Affirming a declaratory judgment and injunction issued by San Diego Superior Court Judge Judith McConnell prior to her elevation to the Court of Appeal, Div. One held that the complexity of the downtown redevelopment plan of which the ballpark is part does not justify departure from the strict legal limits on the city’s ability to conduct public business in private.
“We believe the City Council’s view that no detailed disclosures should be required before closed sessions may be held to discuss a complex overall real estate based transaction is inconsistent with the express statutory requirements of” the Ralph M. Brown Act, Justice Richard Huffman wrote.
Huffman cited Government Code Sec. 54956.8, which permits a local government body to discuss real estate transactions in secret provided that the property and the persons with whom the city is dealing are publicly identified. He also pointed to Sec. 54954.2(a), which requires that “items to be discussed in closed session” be included in the agenda that must be posted for every meeting.
The decision was a victory for Melvin Shapiro, a civic activist who has been raising questions about the ballpark plan going back almost to its inception.
San Diego voters approved a measure in 1998, shortly after their Padres won the National League championship for the first time in 14 years, authorizing the city to work with the team and various other entities to build the ballpark as part of a large redevelopment project in the Centre City East area.
Construction of the stadium resumed last week after a litigation-related halt of nearly two years.
Lawsuits and investigations failed to stop the ballpark, although former City Councilwoman Valerie Stallings resigned in January of last year after pleading guilty to two federal misdemeanor charges related to taking gifts from Padres owner John Moores while casting votes on the ballpark. Moores was cleared of any wrongdoing.
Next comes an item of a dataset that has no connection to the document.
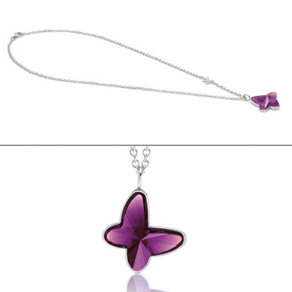 Nomination Butterfly kaulakoru 021370/001. Kaulakoru on valmistettu ruostumattomasta teräksestä ja sen pituus on 42cm/44cm (säädettävä). Riipuksessa Swarovskin violetti kristalli. Kristalliperhosen leveys 20mm. Toimitetaan valmistajan alkuperäisessä rasiassa postikuluitta!

McConnell found that the council violated the Brown Act on a number of occasions between December 1998 and September 1999 by, among other things, failing to identify who was representing the city in property negotiations, who they were meeting with, and what specific parcels of property they were meeting about and discussing matters in closed session that were outside the scope of the real-estate exception to the “sunshine” requirement.
The law allows a local legislative body to meet with its real estate negotiators regarding price and terms of payment for the sale, purchase, exchange, or lease of identified real property.
McConnell found that the city had illegally used the Sec. 54956.8 exception, however, to discuss such tangential matters as the hiring of a ballpark manager, an environmental impact report, financing, naming rights, and the effects of redevelopment on the homeless.
She further concluded that an injunction against future violations was necessary. Among other things, she ordered the council to post specific descriptions of ballpark-related matters considered in closed session, rather than the general description which it had repeated on 16 occasions, which said “In the matter of authorizing the City Manager to negotiate with designated representatives from the San Diego Padres and the San Diego Unified Port District regarding real property interests in the East Village area of downtown San Diego, and at Qualcomm Stadium in the City of San Diego.”
The city, which changed some of its practices with regard to Brown Act compliance in 1999, argued on appeal that the injunction was unnecessary, but Huffman disagreed.
“We believe that the trial court was justified in concluding that the City Council’s conduct in pursuing its contentions that it may interpret and adjust the requirements of the Brown Act as it sees fit, in dealing with a particular project, clearly demonstrates that… violations have occurred or will reasonably probably occur in the immediate future,” the jurist wrote.
The case is Shapiro v. San Diego City Council, D037323.